Look through the listing below for the line containing "11月12日中午,304am". Copy it and each line after it up to and including the line containing "中国新冠疫苗研发主要选择了灭", exactly, leaving out pictures.

• Data for analysis:

-- -- --

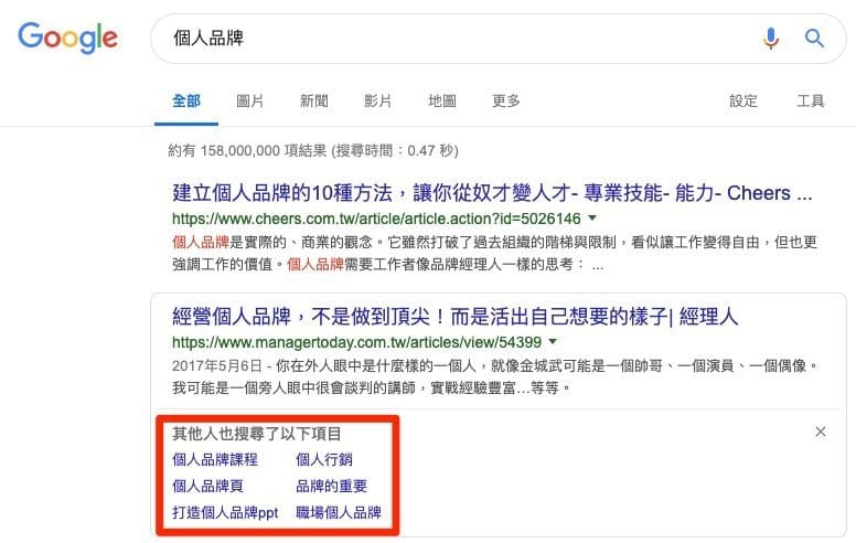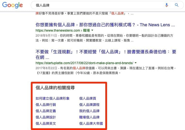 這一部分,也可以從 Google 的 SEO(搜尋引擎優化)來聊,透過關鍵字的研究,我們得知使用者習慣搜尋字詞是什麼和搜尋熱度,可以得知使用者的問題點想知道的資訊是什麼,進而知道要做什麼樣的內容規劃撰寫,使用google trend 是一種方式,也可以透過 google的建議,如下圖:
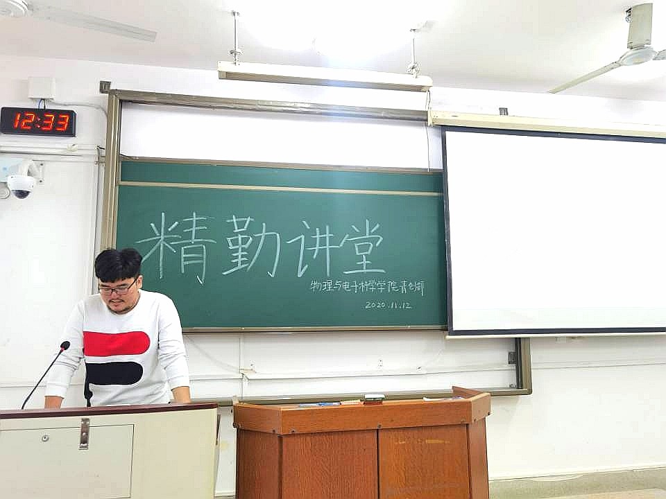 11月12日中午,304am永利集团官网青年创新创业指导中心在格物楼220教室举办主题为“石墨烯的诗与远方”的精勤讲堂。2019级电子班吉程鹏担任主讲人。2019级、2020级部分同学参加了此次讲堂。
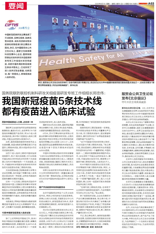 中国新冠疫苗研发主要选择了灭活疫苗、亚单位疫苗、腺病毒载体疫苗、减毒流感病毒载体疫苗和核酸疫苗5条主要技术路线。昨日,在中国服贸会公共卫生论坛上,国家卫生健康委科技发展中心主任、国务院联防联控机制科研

-- -- --

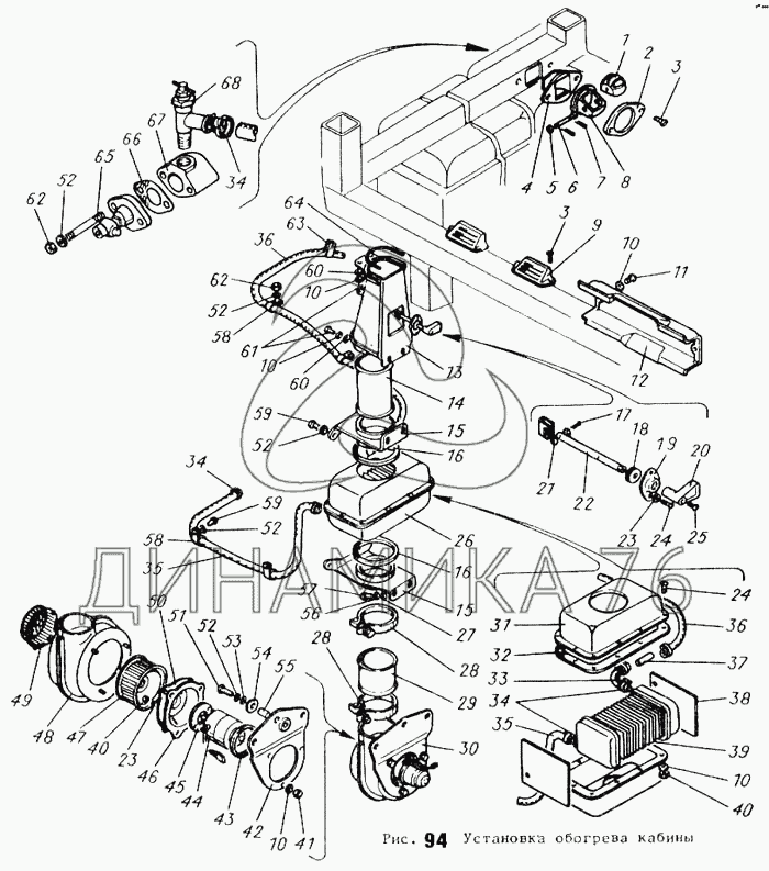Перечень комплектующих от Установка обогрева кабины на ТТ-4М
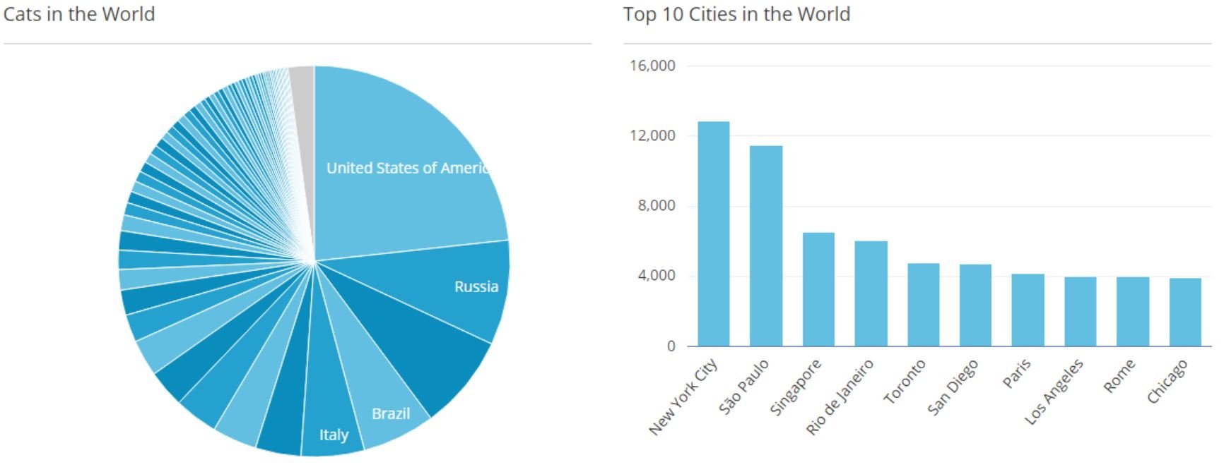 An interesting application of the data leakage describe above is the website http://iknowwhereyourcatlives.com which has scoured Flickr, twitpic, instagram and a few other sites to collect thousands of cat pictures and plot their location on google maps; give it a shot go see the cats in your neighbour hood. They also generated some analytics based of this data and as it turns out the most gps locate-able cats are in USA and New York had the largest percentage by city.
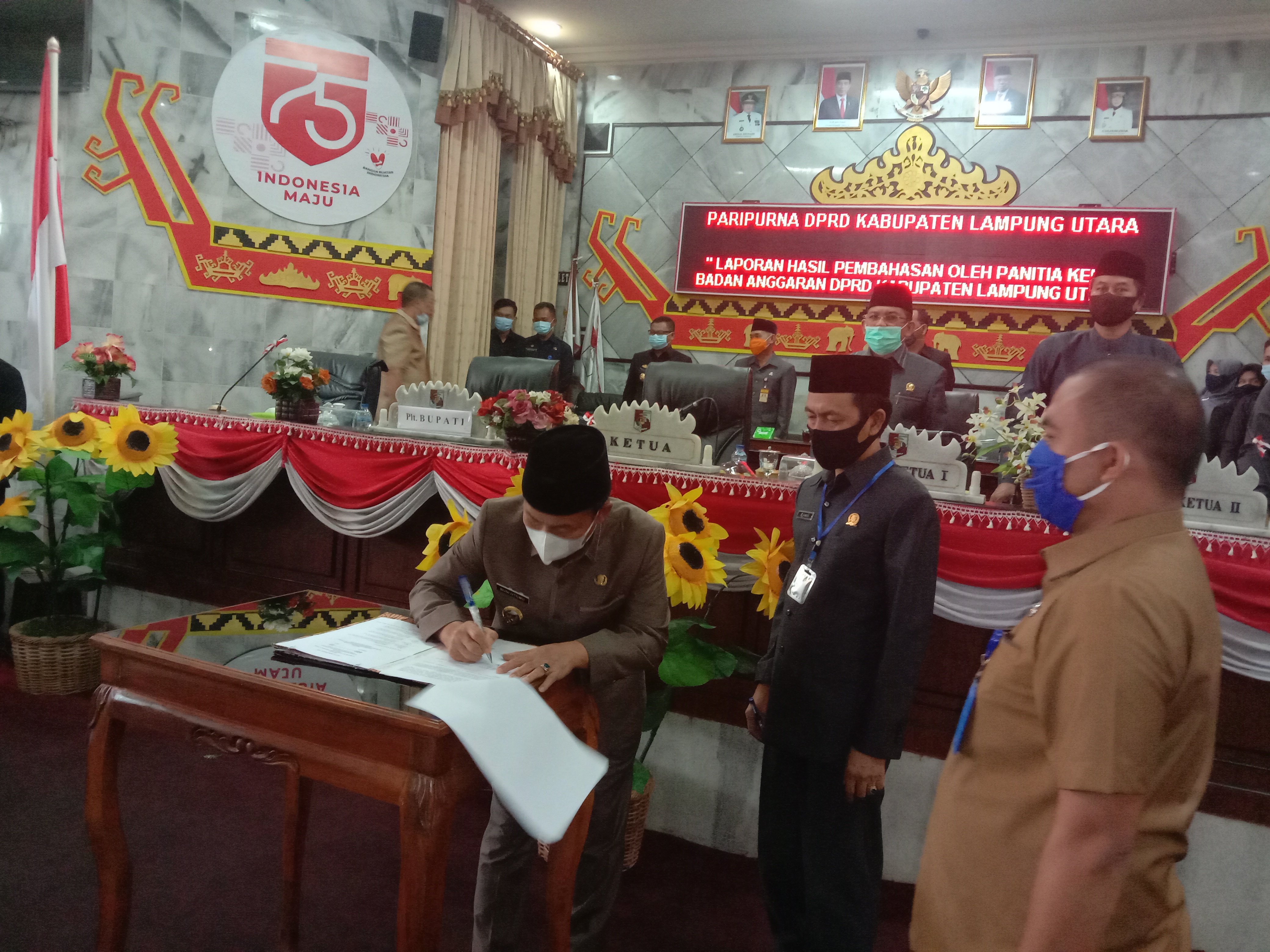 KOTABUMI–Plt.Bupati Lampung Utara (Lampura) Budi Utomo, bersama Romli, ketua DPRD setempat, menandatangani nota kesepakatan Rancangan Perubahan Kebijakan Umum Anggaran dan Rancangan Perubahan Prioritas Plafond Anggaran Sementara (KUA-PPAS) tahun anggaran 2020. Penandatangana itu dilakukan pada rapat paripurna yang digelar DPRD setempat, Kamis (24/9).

-- -- --

• Expected output:
 11月12日中午,304am永利集团官网青年创新创业指导中心在格物楼220教室举办主题为“石墨烯的诗与远方”的精勤讲堂。2019级电子班吉程鹏担任主讲人。2019级、2020级部分同学参加了此次讲堂。
 中国新冠疫苗研发主要选择了灭活疫苗、亚单位疫苗、腺病毒载体疫苗、减毒流感病毒载体疫苗和核酸疫苗5条主要技术路线。昨日,在中国服贸会公共卫生论坛上,国家卫生健康委科技发展中心主任、国务院联防联控机制科研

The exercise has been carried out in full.